На это он надеялся. Этого он ждал. В этом был твердо уверен. Но все повернулось иначе.
Ионгелинк, конечно, знаток и ценитель искусства, но прежде всего коммерсант. Человек дела. Если речь идет о деле, любовь к искусству отступает на второй план. У Ионгелинка есть компаньон. Вместе с ним Ионгелинк принимает участие в больших заморских операциях. Для одной из них нужны деньги. Компаньон берет у города большой заем. Ручательство за него дает Ионгелинк. А в обеспечение своего ручательства отдает в залог всю свою коллекцию картин: двадцать две работы Флориса, одну Дюрера, шестнадцать Брейгеля. Хорошие отношения с отцами города помогают компаньону получить под этот залог большую сумму денег.
Картины, превращенные в товар, в залоговую ценность, тут же перестали быть доступными для зрителей. Они перекочевали под надежные своды и крепкие замки городского ломбарда. Возносящаяся к небу Вавилонская башня – под замком! Христос, упавший под тяжестью креста, – под замком! Под замком поля, рощи, деревья, люди, реки, горы, птицы – вся красота, вся мудрость «Времен года»! Она скрыта не только от посторонних. Самому художнику нет доступа в подвал, где рядом с золотыми блюдами и серебряными кубками, рядом с китайским фарфором и персидскими коврами, лиможской эмалью и валансьенскими кружевами лежат надежно упакованные, обшитые прочным холстом его картины. Изменить что-нибудь он бессилен. Он продал свои картины. Торговая сделка не предусматривает обязательства покупателя делать их доступными для обозрения.
– Я и сам был бы рад и счастлив, если бы они украшали мой дом, – благожелательно и спокойно ответил бы ему Ионгелинк, если бы он стал с ним объясняться, – но что поделаешь, такие времена!
Сказать ему, что картина, которую никто не видит, мертва, убита? Зачем такое преувеличение! Она в надежном месте. В целости и сохранности. С ней ничего не случится. Служители ломбарда умеют обращаться с картинами. Им доверены и не такие ценности! Когда они будут выкуплены? О, это всецело зависит от множества обстоятельств. Пока что придется повременить…

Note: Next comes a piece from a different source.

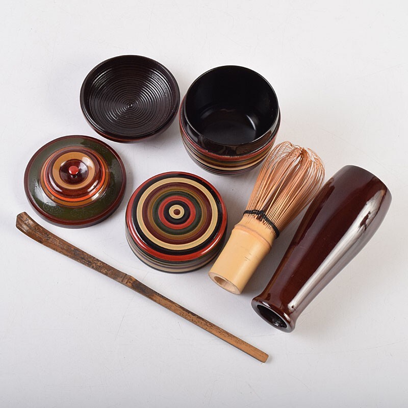 茶道具 糸目塗分 利休茶箱 白釉茶碗 独楽棗など 九点 一式 仕覆付 MTSJ
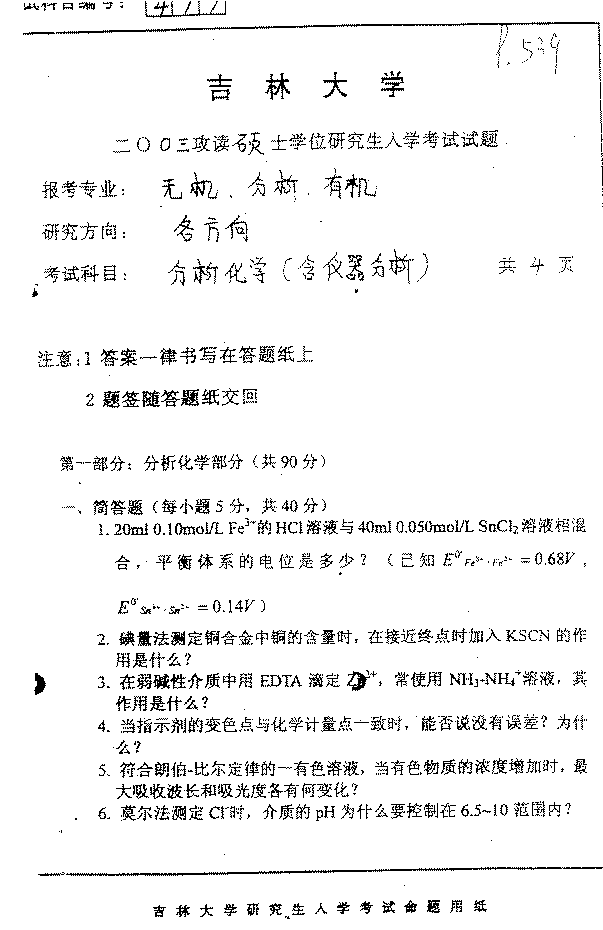 吉林大学2003年考研真题-分析化学(含仪器分析)

Знал ли Ионгелинк, когда он закладывал картины, что он не станет их выкупать? Может быть, и знал. Может быть, искренне верил, что со временем выкупит. Однако они так и остались невыкупленными, остались на долгие годы не произведениями искусства, а вещами, залогом. До самой смерти Брейгель не смог ни повидать их сам, ни показать кому-нибудь другому. А потом город подарил их новому штатгальтеру Нидерландов. Когда Брейгель писал «Времена года», это было одним из самых важных и радостных событий его жизни – не очень долгой и не очень богатой радостями. Когда сделка, совершенная с его картинами, лишила его всех надежд, связанных с тем, что люди увидят сразу большинство его работ, и притом главнейших, это стало одним из горчайших его разочарований. И не только потому, что люди, чье мнение для него много значило, не смогли увидеть его работы, он и сам не успел оценить всего опыта, завоеванного во «Временах года». Чтобы разобраться в своей собственной работе, ему нужно было теперь каждую фигуру, каждую линию, каждое цветовое пятно этих картин вызывать в памяти усилием воображения. Он знал, что с годами это будет все труднее и труднее. На картинах его позднейших лет возникают воспоминания о «Временах года», особенно об «Охотниках на снегу»: черные перепутанные ветви на фоне морозного неба, конькобежцы на зеленоватом льду, черные птицы на белом снегу… Отзвуки найденного однажды.